_Task statement_: In the data below, find the line containing "Once the palmar" and the line containing "54 • Tegaskan", then reproduce them and every line between, exactly. Omit pictures.

_Extracted records_:
○ ○ ○ ○ ○ ○ ○

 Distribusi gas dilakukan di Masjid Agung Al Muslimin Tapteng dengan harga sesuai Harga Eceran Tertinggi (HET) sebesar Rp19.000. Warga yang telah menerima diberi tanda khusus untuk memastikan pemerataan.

○ ○ ○ ○ ○ ○ ○

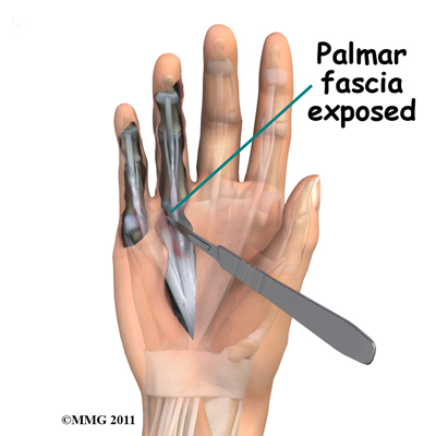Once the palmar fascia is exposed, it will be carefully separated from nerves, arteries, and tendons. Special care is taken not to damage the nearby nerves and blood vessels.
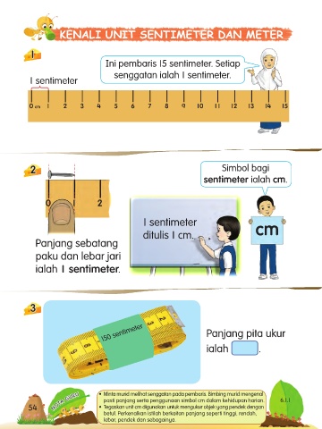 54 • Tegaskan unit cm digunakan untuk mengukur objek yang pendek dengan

○ ○ ○ ○ ○ ○ ○

_Solution to the exercise_:
Once the palmar fascia is exposed, it will be carefully separated from nerves, arteries, and tendons. Special care is taken not to damage the nearby nerves and blood vessels.
 54 • Tegaskan unit cm digunakan untuk mengukur objek yang pendek dengan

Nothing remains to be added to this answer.